Looking, Creating, Feeling: With Art you have it all

Don’t you just wish you could touch a work of art in a gallery or a museum? There are all of those strokes on the canvas or a shiny metal of a huge sculpture that moves when you breathe on it. Sometimes you can even see fingerprints in the surface of a clay pot. If you could only see if the size of the artist’s thumb matches your own…


BeepBeepBeepBeepBeeeeeeeep…back up, ma’am.

Mark Rothko left specific instructions that he wanted his paintings to be seen up close, 6” away to be exact. Then the Viewer would be enveloped by the massive, deceptively- simple blocks of color. As you stood there almost touching the painting, you would be in another state of mind and wrapped quietly in his blanket of emotion.

When I saw my first Rothko, I could stand that closely. No alarms were installed in the museum then, and security guards spent most of their time asking (no…ordering) Viewers not to touch. I wasn’t THAT close, just trying to guesstimate 6” from my nose to the canvas.

Now, alarms do the work for them, and the guards have to resort to cruising through Facebook to pass the hours.

Next time, you’re in a museum, shock them by asking, “Hey, what’s your favorite piece in this exhibit?” You might be surprised at how they perk up! They know more about that show than anyone realizes and would appreciate the distraction. After all, they’re not guards at Buckingham Palace who would lose their jobs if they smiled.

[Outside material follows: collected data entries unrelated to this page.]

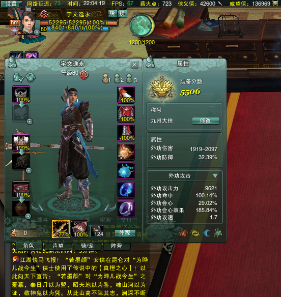 然后,两个号技能秘籍都是满的,经脉也满,小号没有什么时间刷声望和练生产技能,但是有装备基础,可以直接上手,侠义值和威望也比较充足,200块钱求脱手,给大号充点卡。。。绑定邮箱手机都可以修改,账号分离90块比一个角色还贵,不建议分离,但是保证诚心出售。。暂时就想到这么多
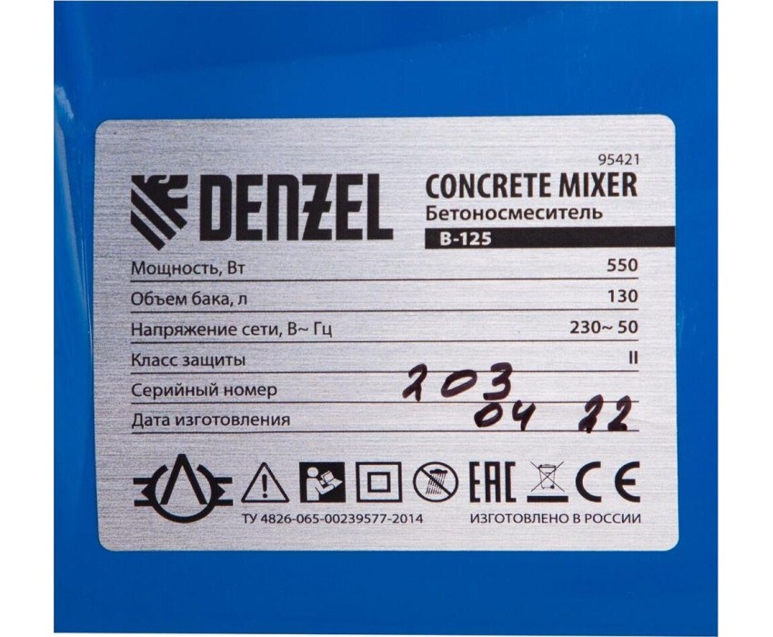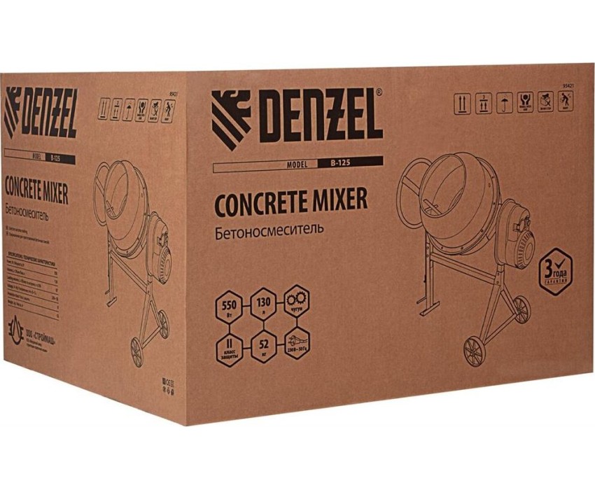 Бетоносмеситель DENZEL Бетоносмеситель B-125, 550 Вт, 130 л 95421
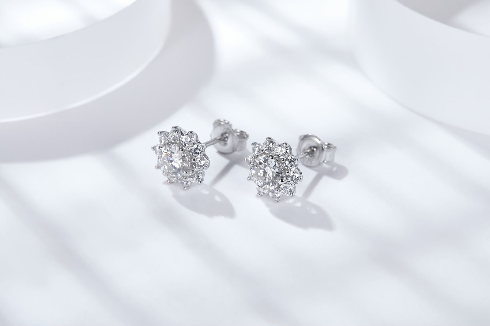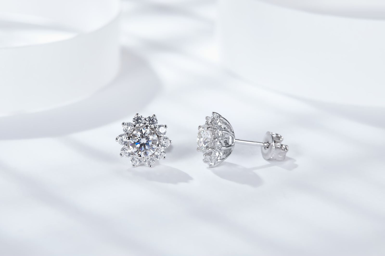 FLOWER 0.5CT MOISSANITE DIAMOND STUD EARRINGS IN STERLING SILVER
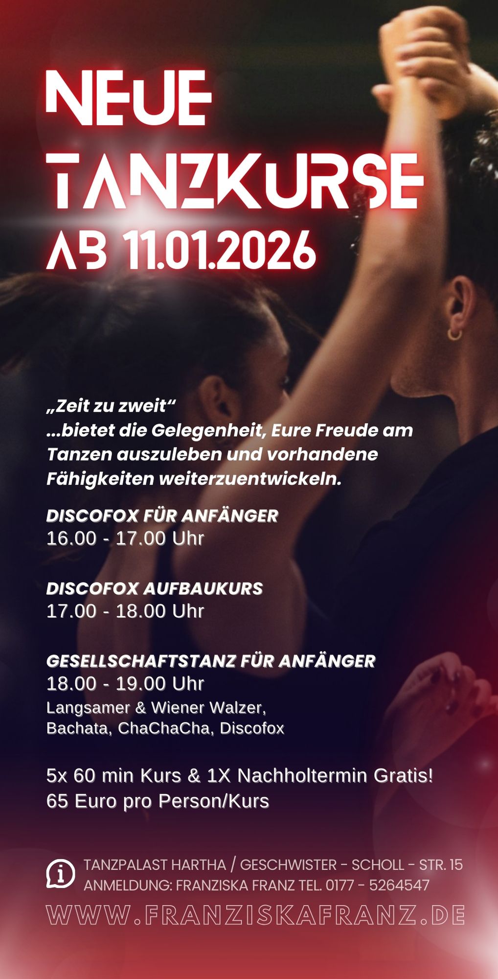 Vermittelt werden die Grundlagen im Langsamen Walzer , Wiener Walzer , Discofox , Cha Cha Cha und Bachata – kompakt, easy und perfekt für jede Tanzfläche! Termine :11.01.2618.01.2625.01.2601.02.2622.02.26Nachholtermin 01.03.26 5× 60 min und 1 Nachholstunde Gratis !Für 65 Euro pro Person Fragen & AnmeldungenFranziska FranzTel. 0177 5264547info@franziskafranz.de www.franziskafranz.de

Nevertheless, I still don’t think they’re going to let you touch a work of art no matter how much you schmooze and fake interest in their artistic opinion. Oh, that’s just a hunch…not that I’ve tried it or anything…

BONUS post: Nah...I'm not an Air-quote Artist Either

There are Artists and then there are air-quote Artists. The “Artists” are those who make a ton of money selling themselves, may or may not be good at creating art and will be remembered in an art anthology somewhere forever.

Then there are the rest of us…no, this isn’t a pity-fest. We’re obviously not the Top 1%, and it’s just the reality of the average working Artist. We make a few thousand selling our work, may or may not be good at creating art and we will probably never end up in an art history book of any kind.

What do we have that air-quote Artists don’t have? We have a big fat inventory of work! For every piece that sells, we probably have five more that didn’t sell and ten more that hit the garbage can.

That’s OK, we say, as we ungratefully take on the role of underdog. We’re having fun. Uh…to an extent, that’s part of it, but the fun is only a biproduct IF in fact you classify our work as “fun” (ooh…air-quote fun!)

It’s more of a reward for busting butt in the studio. It’s a self-pat on the back for taking precious time away from life to make something, anything, that gives us that warmth inside.

Yes, it would be great to share that goo-goo feeling with someone else, but just looking at art is not the same as generating a product. Fingers touching the oozing acrylic as it washes from a brush…scratching a surface with a straightened paper clip to form a line…falling in love with a tool for the sheer joy of ownership.

Silly to some, but hey, we could have worse quirks. If you live with us on a daily basis, give us this precious time to play. We may not be pulling in the big bucks or the fame, but we’re so gosh-gee-whiz happier for it.